Thursday, August 06, 2009

French Bred - Ch 2 (continued)

As Josy chattered away with her brother and sister-in-law in French (with me understanding nothing), Yolanda was working away in her tiny kitchen. I felt sorry for Josy, and would feel sorrier for her as the weeks went by, because due to my language limitations, she had to translate for anyone and everyone who wanted to talk to me. She also had to translate the other way if I had something to say. So much for everyone speaking English. A universal language? HA! She would eventually tire of acting as the go-between, but she kept at it for my sake.

After a relatively short amount of time, we all gathered around the dining room table for lunch/dinner. I say lunch/dinner because for me it had kind of blended together into a mish-mash of "I have no idea what time it is, what day it is, or where my brain was left." As we all sat down, La Mama brought in heaping bowls of pasta. I was relieved beyond words. At this point in my life, my taste buds were only accepting applications from pizza, burgers, and the like. All offers from any other variety of flavors or textures were refused on sight, and told to try the mouth down the road. But here before me was glorious spaghetti with tomato sauce!

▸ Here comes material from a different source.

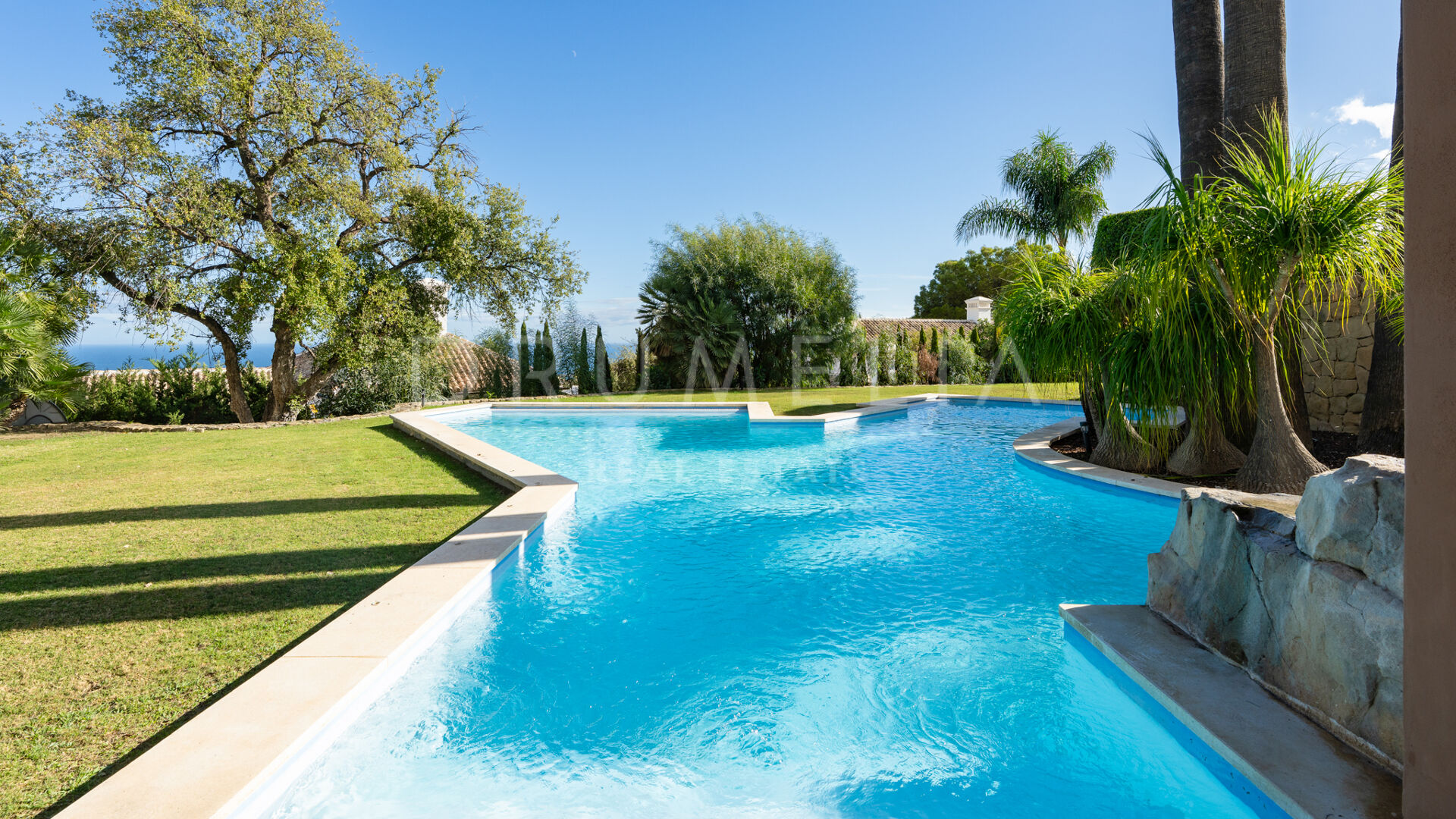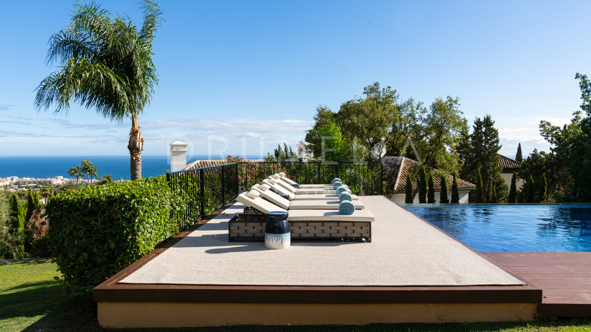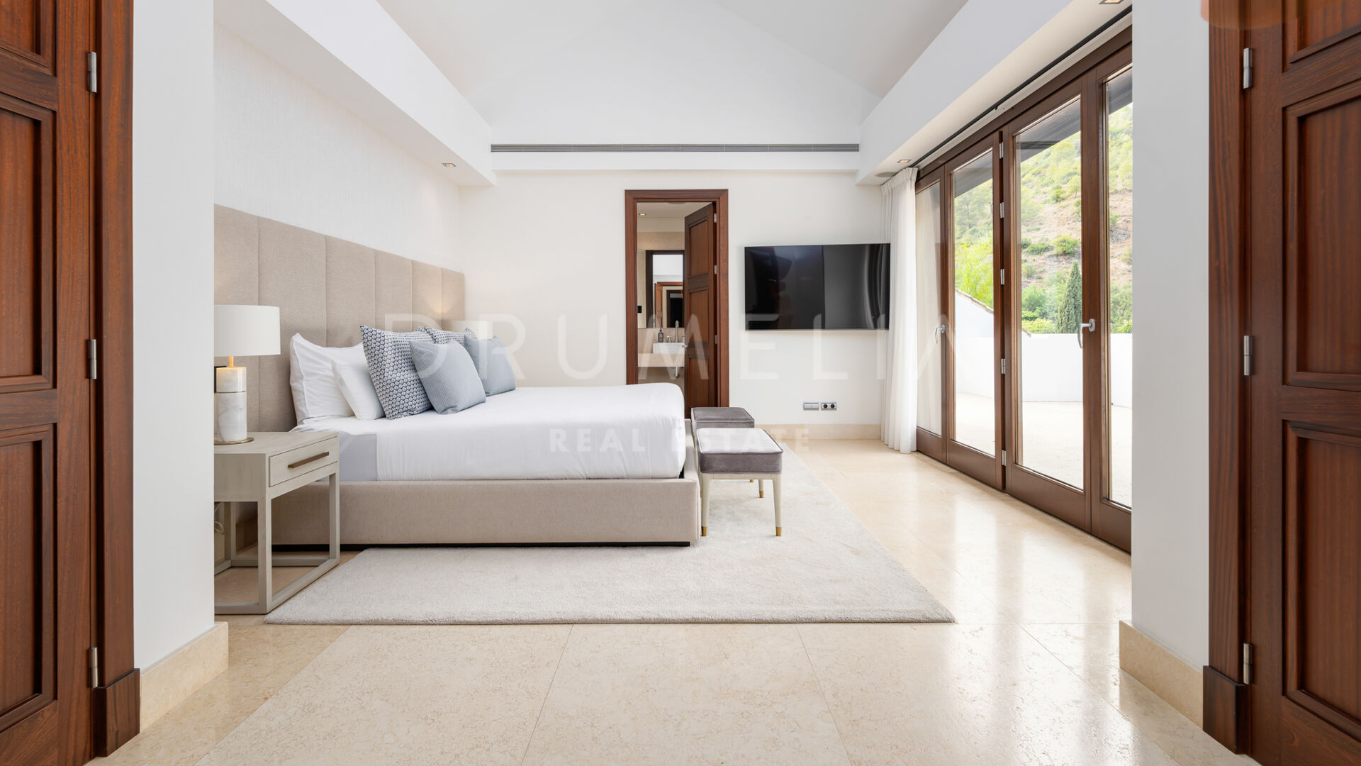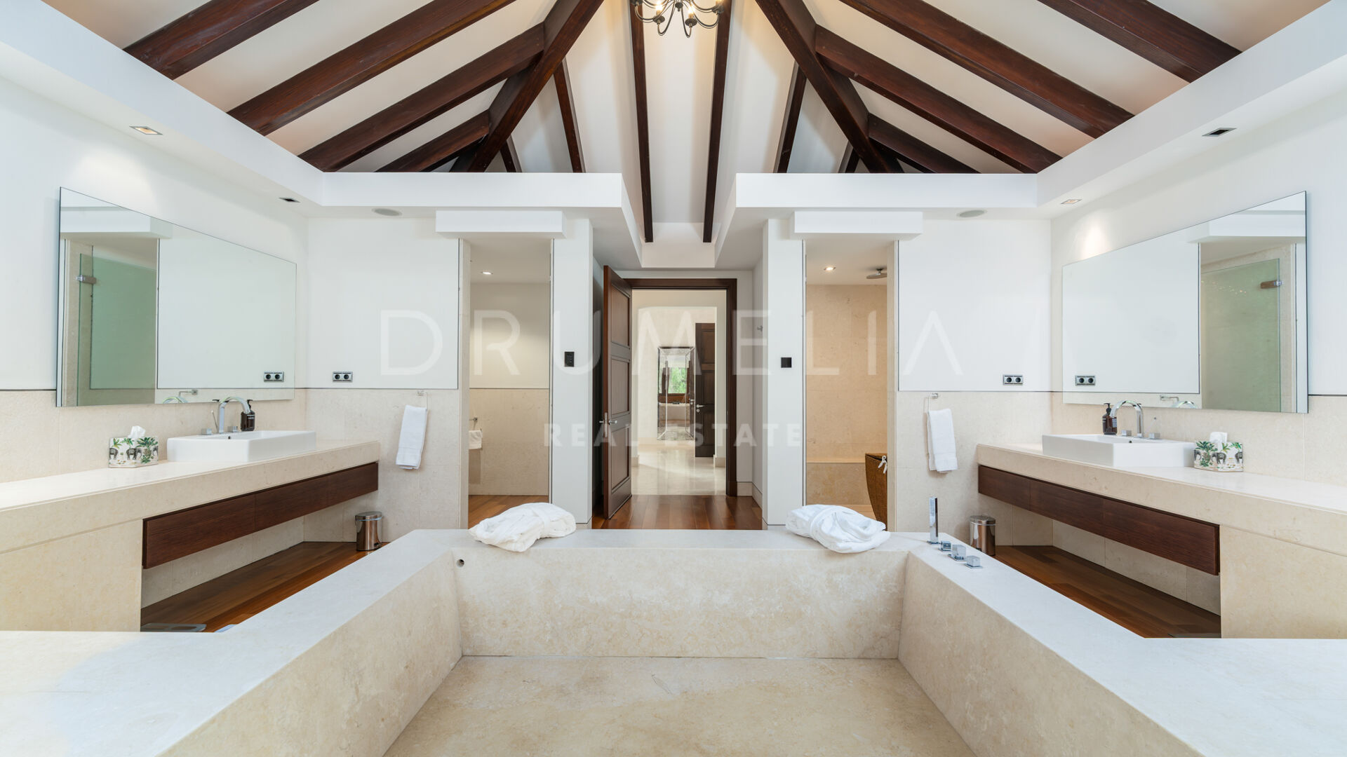This Mediterranean-style villa sits in Cascada de Camoján, Golden Mile, Marbella, one of the area’s most private and prestigious gated communities. Elevated in the foothills of La Concha, the property enjoys sweeping sea views and quick access to Marbella’s amenities, beaches, and the Golden Mile (approx. 5–10 minutes by car).
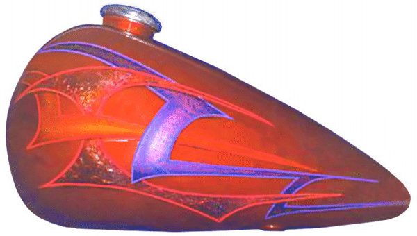 Base Candy Cherry Red with subtle Gold pearl design under graphics Graphics are Violet Blue Metallic base with Candy Blue Shading, Second graphic has Yellow Pearl base with Candy Red Fade Third graphic has Variegated Red Gold leaf base with Candy Magenta Highlights Lt. Blue, Red, & Orange Stripping and Drop Shadows to accent graphics |

I could deal with this, and the amount was just right for a hungry American man. I dug in, and after finishing the bowl I was content. I had made it through my first meal at Maison de Mama. Or had I?

Into the room came a large frying pan with a future-mother-in-law attached to the handle. Within the confines of the pan were sizzling slabs of meat. Chops? After the pasta? I assured Josy that there was no way that I could eat anything after the large bowl of spaghetti that I had put away. Josy understood my situation and tried to explain it to her mother.

Imagine, if you will, that you have just been told that your future son-in-law is an alien from the far reaches of the galaxy who has come to enslave the women of earth and to turn the men into some form of putty which will be used to grout alien bathrooms. That is close to the reaction that swept across Yolanda's face. I didn't need Josy to translate for me at this point. I could easily tell that Yolanda was stunned by my lack of manners and ability to eat a proper amount of food. What kind of man was her daughter marrying? Clearly I was indeed an alien species with only one third of the stomach space of a normal human.

Still, Josy managed to convince her mother that I was full, and everyone else went at their slabs of meat. I had dodged the bullet. Or had I? Oh, no. La Mama wasn't done yet. Somehow, her kitchen was a transdimensional portal from which more food could come out of a space which logically couldn't contain such amounts. Here, from the walking food dispenser, was a huge bowl of salad and a platter of cheese. If I had let my jaw drop the way I felt that it would, it was certain that Yolanda would have shoved a wedge of Camembert into the gaping cave. Instead, I just stared incredulously and had to somehow convince my future mother-in-law that no space had been created in my stomach since the last refusal of food. There was just no way! Again, she glared at me. If she had still been in Sicily, she probably would have snapped her fingers and a member of the famiglia would have taken me for a ride somewhere, and my wife-to-be would have quickly become a widow-to-be. Since we were in France, however, all she could do was drill a hole through my face with her laser-beam eyes and make me feel as though I had dishonored every Italian woman who had ever lived. Believe me...I felt it.

10 comments:

Anonymous said...

Quick! Do a spell check! And not the automatic one. Bye? or by?

Adam said...

Fixed it. Got typing too fast. Why are you anonymous?

Bill Chapman said...

You wrote "So much for everyone speaking English. A universal language?" Have you ever considered learning and using Esperanto?

Adam said...

It's tough enough learning French! Besides, I would have to get everyone I talk to over there to learn it, too. Not going to happen, I think.

SaraJane said...

I was anonymous because I forgot my username!

Adam said...

LOL...Fair enough. I've done that enough times. That's why I had to change it to something that even I could remember.

Dawnee said...

How could you possibly refuse food? You Non-Eater! :) In my family, non-eaters are hung by their toenails and beaten with carrots ;P Be glad all you got was the Italian ice stare. haha

Adam said...

She wasn't allowed to do worse. Josy was protecting me.

Asia said...

This entry is CLASSIC!

Her kitchen...it's bigger on the inside! (SaraJane? is that a real name or a referential username? mmm??)

But Josy is so teensy tinsey! Did she eat all that food?!

Adam said...

Of course she did. She can turn on the Sicilian when necessary.

I did notice a sign above the kitchen...Police Call Box, or something of that nature.